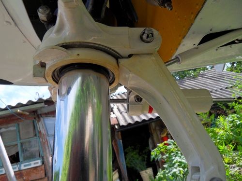 в нижнюю часть цилиндра и тогда действительно педалями её не своротишь пока она не обожмётся и эта механизма не выйдет из-зацепления.Это в принципе и сделано что бы в полёте колесо было сориентировано,ведь не даром в поводках на стойке имеются свободные хода порядка 50мм.
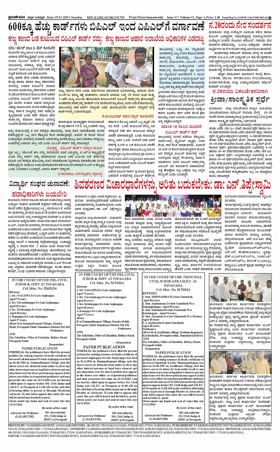 ಪ್ರಜಾಮನ 19 NOVEMBER 2024 Page: 4 November 19, 2024 << First << 4 >> Last >> Page 1Page 2Page 3Page 4 × ಪ್ರಜಾಮನ 19 NOVEMBER 2024 PRAJAMANA-page-001PRAJAMANA-page-002PRAJAMANA-page-003PRAJAMANA-page-004 << First << 4 >> Last >> PRAJAMANA-page-001PRAJAMANA-page-002PRAJAMANA-page-003PRAJAMANA-page-004 PRAJAMANA-page-004
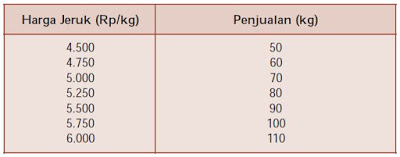 Coba perhatikan Tabel di bawah ini, mengenai daftar penawaran jeruk Pak Heri. Kurva penawaran dapat dibuat berdasarkan tabel tersebut.
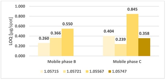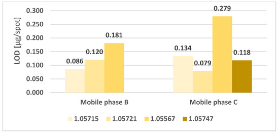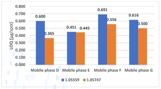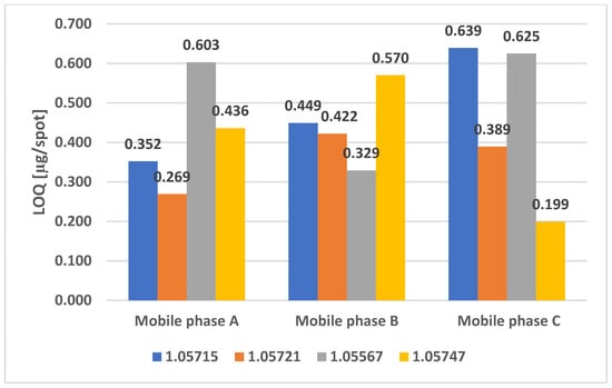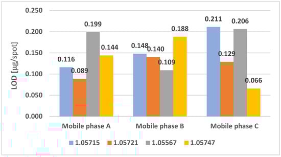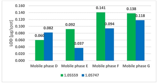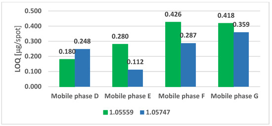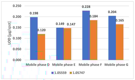 A comparison of the LOD and LOQ of sertraline tested by RP-TLC (Figure 8 and Figure 9) using four mixtures as mobile phases: methanol + water 10:0 (v/v), methanol + water 9:1 (v/v), acetone + water 10:0 (v/v), and acetone + water 9:1 (v/v), and two types of chromatographic plates (1.05747, 1.05559) indicated that the limit of detection (LOD) of sertraline is in the range of 0.037–0.141 µg/spot. Lower LOD and LOQ values were obtained for the methanol + water mobile phases (10:0 and 9:1, v/v). When these two mobile phases were used, the LOD of sertraline was in the range of 0.037–0.092 µg/spot. However, in the case of using the acetone + water mobile phases (10:0 and 9:1, v/v), the LOD of sertraline was in the range of 0.094–0.141 µg/spot. The lowest LOD and LOQ values, equal to 0.037 and 0.112 µg/spot, respectively, were obtained on the 1.05747 plate using the E mobile phase composed of methanol + water (9:1, v/v). The second lowest values for LOD (0.060 µg/spot) and LOQ (0.180 µg/spot) were obtained on the 1.05559 plate in combination with mobile phase D, which had the following composition: methanol + water (10:0, v/v). The third consecutive lowest LOD (0.082 µg/spot) and LOQ (0.248 µg/spot) results were obtained on the 1.05747 plate in combination with mobile phase D, with the following composition: methanol + water (10:0, v/v). The use of the mentioned sorbents together with the given mobile phases made it possible to detect and determine the lowest concentration of sertraline.
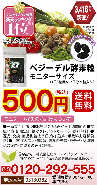 キレイを企画する会社、(株)ビューティプランニング(宮崎県都城市)の「ベジーデル酵素粒」が本紙初登場。これまでに、3400万粒以上を販売。人気ショッピングサイト楽天の、ダイエット・サプリメント部門で、売上1位(2011年5月時点)の実績を誇る。
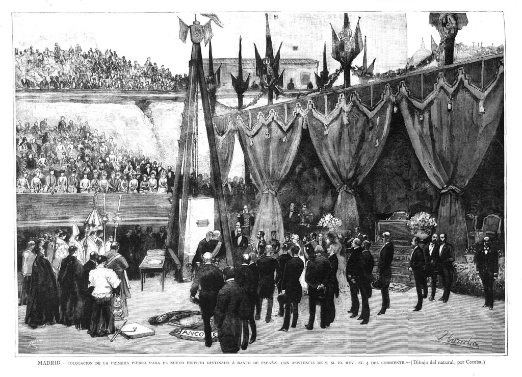 “A la caida de la tarde de ayer se celebró la ceremonia de colocar la primera piedra del suntuoso edificio destinado á Banco de España, que se ha de erigir en el solar que ocupaba el antiguo palacio del duque de Sexto.
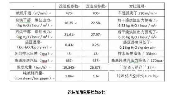 經過烘干部系統改造以及紙機其他關鍵部件的改造,目前車速提高至700m/min,系統改造前生產中平均每小時能夠從紙頁中蒸發19.845噸水分,改造后在該紙機每小時能夠蒸發26.873噸水分,比改造前提高了35%,即意味著改造以后,該紙機烘干部的干燥能力提高了35%。
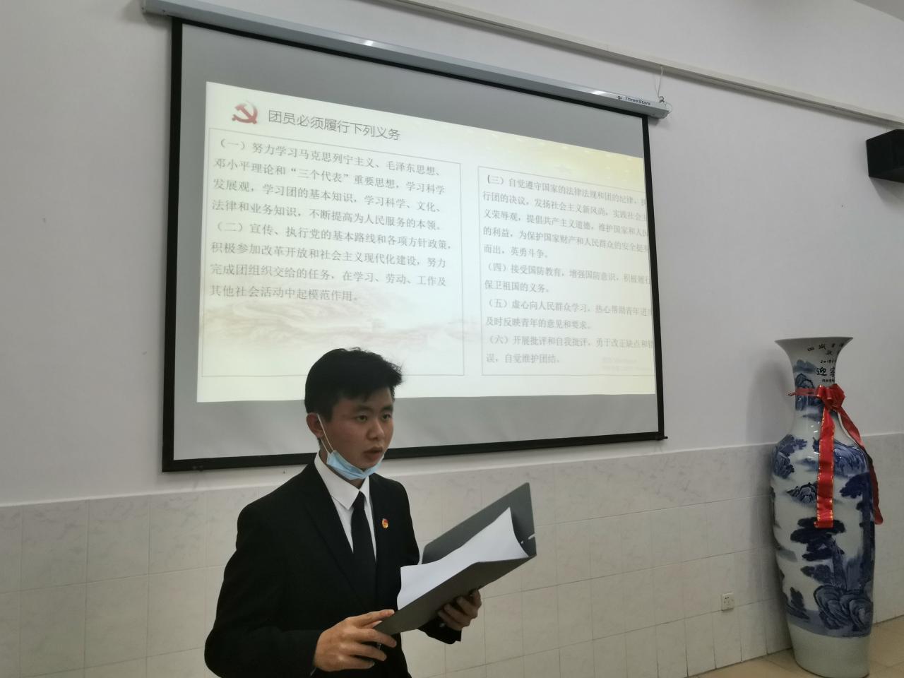 紧接着,入团介绍人胡挺财宣读《团章》中有关团员的义务和权利的条款。在宣读完毕后,由新老团员代表分别进行发言。
=-=-=-=-=
PROBLEM TO SOLVE: Could you write out the records again exactly, without any of their pictures?

ANSWER BOX:
 в нижнюю часть цилиндра и тогда действительно педалями её не своротишь пока она не обожмётся и эта механизма не выйдет из-зацепления.Это в принципе и сделано что бы в полёте колесо было сориентировано,ведь не даром в поводках на стойке имеются свободные хода порядка 50мм.
 ಪ್ರಜಾಮನ 19 NOVEMBER 2024 Page: 4 November 19, 2024 << First << 4 >> Last >> Page 1Page 2Page 3Page 4 × ಪ್ರಜಾಮನ 19 NOVEMBER 2024 PRAJAMANA-page-001PRAJAMANA-page-002PRAJAMANA-page-003PRAJAMANA-page-004 << First << 4 >> Last >> PRAJAMANA-page-001PRAJAMANA-page-002PRAJAMANA-page-003PRAJAMANA-page-004 PRAJAMANA-page-004
 Coba perhatikan Tabel di bawah ini, mengenai daftar penawaran jeruk Pak Heri. Kurva penawaran dapat dibuat berdasarkan tabel tersebut.
 A comparison of the LOD and LOQ of sertraline tested by RP-TLC (Figure 8 and Figure 9) using four mixtures as mobile phases: methanol + water 10:0 (v/v), methanol + water 9:1 (v/v), acetone + water 10:0 (v/v), and acetone + water 9:1 (v/v), and two types of chromatographic plates (1.05747, 1.05559) indicated that the limit of detection (LOD) of sertraline is in the range of 0.037–0.141 µg/spot. Lower LOD and LOQ values were obtained for the methanol + water mobile phases (10:0 and 9:1, v/v). When these two mobile phases were used, the LOD of sertraline was in the range of 0.037–0.092 µg/spot. However, in the case of using the acetone + water mobile phases (10:0 and 9:1, v/v), the LOD of sertraline was in the range of 0.094–0.141 µg/spot. The lowest LOD and LOQ values, equal to 0.037 and 0.112 µg/spot, respectively, were obtained on the 1.05747 plate using the E mobile phase composed of methanol + water (9:1, v/v). The second lowest values for LOD (0.060 µg/spot) and LOQ (0.180 µg/spot) were obtained on the 1.05559 plate in combination with mobile phase D, which had the following composition: methanol + water (10:0, v/v). The third consecutive lowest LOD (0.082 µg/spot) and LOQ (0.248 µg/spot) results were obtained on the 1.05747 plate in combination with mobile phase D, with the following composition: methanol + water (10:0, v/v). The use of the mentioned sorbents together with the given mobile phases made it possible to detect and determine the lowest concentration of sertraline.
 キレイを企画する会社、(株)ビューティプランニング(宮崎県都城市)の「ベジーデル酵素粒」が本紙初登場。これまでに、3400万粒以上を販売。人気ショッピングサイト楽天の、ダイエット・サプリメント部門で、売上1位(2011年5月時点)の実績を誇る。
 “A la caida de la tarde de ayer se celebró la ceremonia de colocar la primera piedra del suntuoso edificio destinado á Banco de España, que se ha de erigir en el solar que ocupaba el antiguo palacio del duque de Sexto.
 經過烘干部系統改造以及紙機其他關鍵部件的改造,目前車速提高至700m/min,系統改造前生產中平均每小時能夠從紙頁中蒸發19.845噸水分,改造后在該紙機每小時能夠蒸發26.873噸水分,比改造前提高了35%,即意味著改造以后,該紙機烘干部的干燥能力提高了35%。
 紧接着,入团介绍人胡挺财宣读《团章》中有关团员的义务和权利的条款。在宣读完毕后,由新老团员代表分别进行发言。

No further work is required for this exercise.